* _WHAT TO DO_:
Your answer should be the lines below from the one with "Площадь апартамента, 25" to the one with "The combined infantry", both included, given again exactly and with nothing added.

* _MATERIAL FOR THIS TASK_:
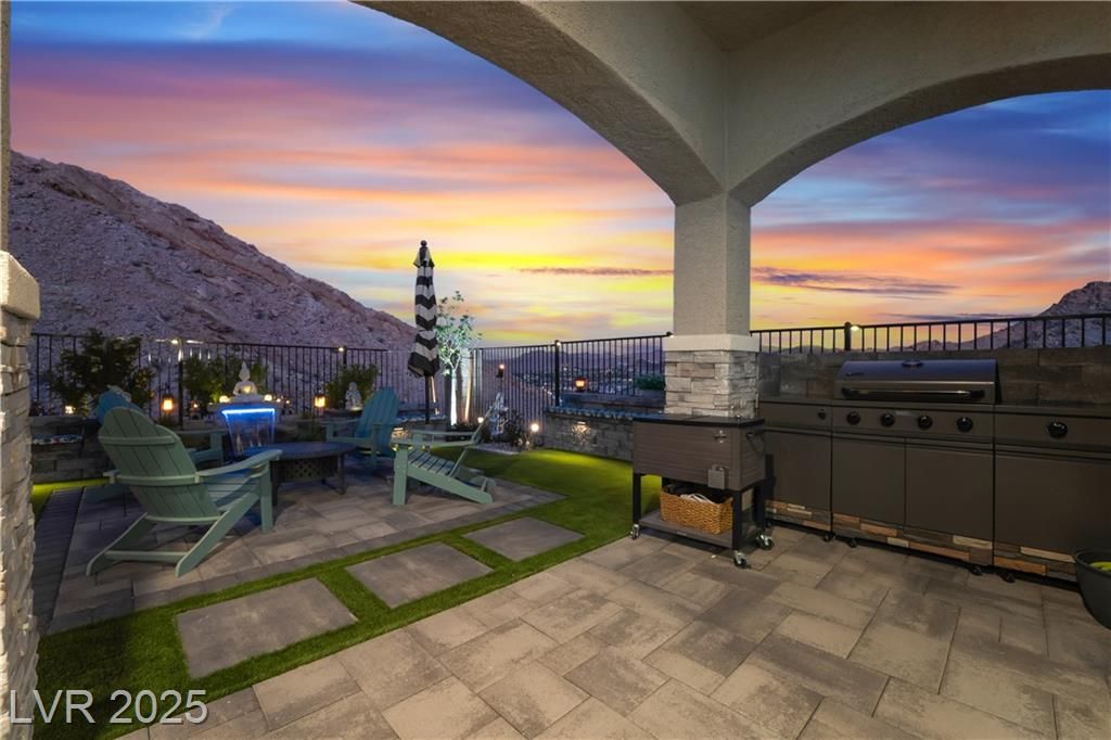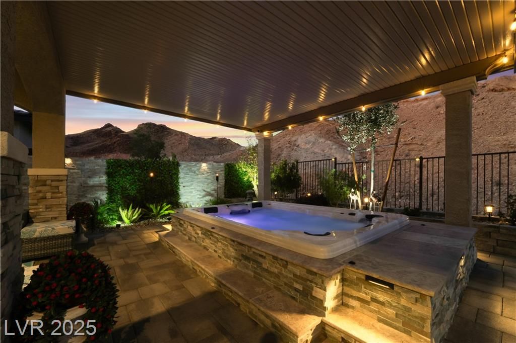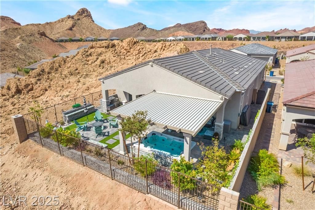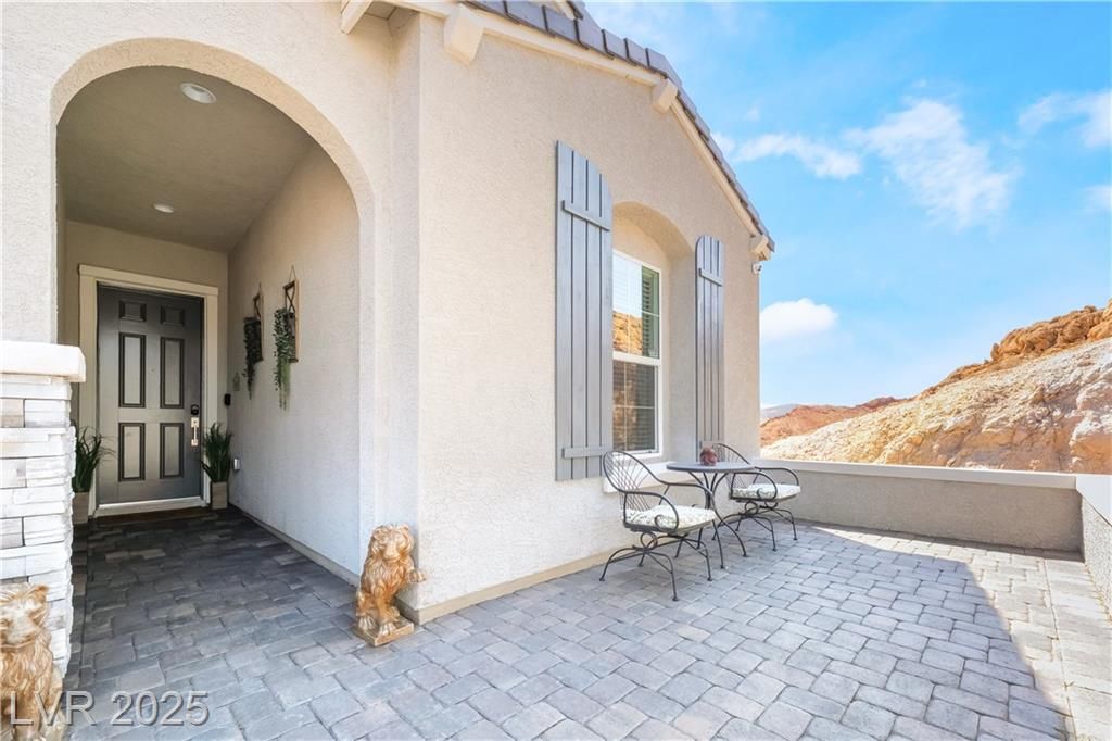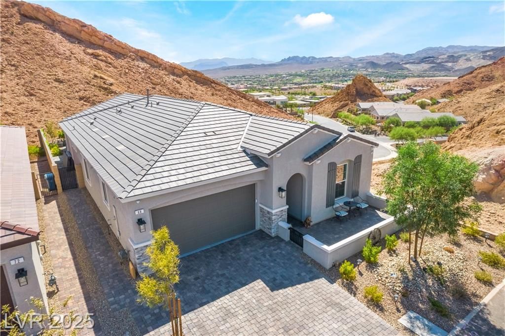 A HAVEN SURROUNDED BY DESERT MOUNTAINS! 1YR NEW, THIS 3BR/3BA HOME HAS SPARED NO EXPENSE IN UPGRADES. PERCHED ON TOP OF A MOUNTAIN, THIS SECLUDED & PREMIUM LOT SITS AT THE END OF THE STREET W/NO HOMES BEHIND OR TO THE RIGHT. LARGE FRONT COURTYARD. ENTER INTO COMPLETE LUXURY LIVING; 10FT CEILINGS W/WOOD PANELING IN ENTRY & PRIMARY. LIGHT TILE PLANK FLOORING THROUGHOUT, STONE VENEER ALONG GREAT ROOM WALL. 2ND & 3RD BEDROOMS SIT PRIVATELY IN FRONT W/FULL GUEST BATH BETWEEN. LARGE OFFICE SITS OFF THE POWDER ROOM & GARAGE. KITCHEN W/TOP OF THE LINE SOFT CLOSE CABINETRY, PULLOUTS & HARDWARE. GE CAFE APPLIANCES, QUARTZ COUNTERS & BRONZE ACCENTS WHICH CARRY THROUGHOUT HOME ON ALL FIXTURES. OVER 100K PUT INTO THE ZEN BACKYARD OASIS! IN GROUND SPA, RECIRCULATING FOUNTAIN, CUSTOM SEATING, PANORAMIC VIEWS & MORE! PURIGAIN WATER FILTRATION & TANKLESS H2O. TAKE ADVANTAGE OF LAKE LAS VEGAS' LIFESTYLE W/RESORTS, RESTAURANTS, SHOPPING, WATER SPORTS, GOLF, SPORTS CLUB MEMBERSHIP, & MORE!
--
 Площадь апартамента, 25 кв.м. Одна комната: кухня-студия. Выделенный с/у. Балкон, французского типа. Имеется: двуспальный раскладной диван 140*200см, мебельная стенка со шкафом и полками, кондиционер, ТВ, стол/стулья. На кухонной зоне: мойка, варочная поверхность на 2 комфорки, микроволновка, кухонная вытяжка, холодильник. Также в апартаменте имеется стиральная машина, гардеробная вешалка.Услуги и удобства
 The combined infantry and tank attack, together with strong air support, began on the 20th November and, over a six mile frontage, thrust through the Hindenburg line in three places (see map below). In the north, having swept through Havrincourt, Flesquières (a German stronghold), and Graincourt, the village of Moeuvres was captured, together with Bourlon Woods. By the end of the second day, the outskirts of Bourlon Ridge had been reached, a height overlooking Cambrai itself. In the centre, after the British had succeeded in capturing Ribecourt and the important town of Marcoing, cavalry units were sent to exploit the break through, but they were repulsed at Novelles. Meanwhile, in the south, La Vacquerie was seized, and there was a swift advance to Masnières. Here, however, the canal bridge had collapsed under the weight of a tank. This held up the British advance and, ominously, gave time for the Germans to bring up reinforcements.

* _COMPLETED TASK_:
 Площадь апартамента, 25 кв.м. Одна комната: кухня-студия. Выделенный с/у. Балкон, французского типа. Имеется: двуспальный раскладной диван 140*200см, мебельная стенка со шкафом и полками, кондиционер, ТВ, стол/стулья. На кухонной зоне: мойка, варочная поверхность на 2 комфорки, микроволновка, кухонная вытяжка, холодильник. Также в апартаменте имеется стиральная машина, гардеробная вешалка.Услуги и удобства
 The combined infantry and tank attack, together with strong air support, began on the 20th November and, over a six mile frontage, thrust through the Hindenburg line in three places (see map below). In the north, having swept through Havrincourt, Flesquières (a German stronghold), and Graincourt, the village of Moeuvres was captured, together with Bourlon Woods. By the end of the second day, the outskirts of Bourlon Ridge had been reached, a height overlooking Cambrai itself. In the centre, after the British had succeeded in capturing Ribecourt and the important town of Marcoing, cavalry units were sent to exploit the break through, but they were repulsed at Novelles. Meanwhile, in the south, La Vacquerie was seized, and there was a swift advance to Masnières. Here, however, the canal bridge had collapsed under the weight of a tank. This held up the British advance and, ominously, gave time for the Germans to bring up reinforcements.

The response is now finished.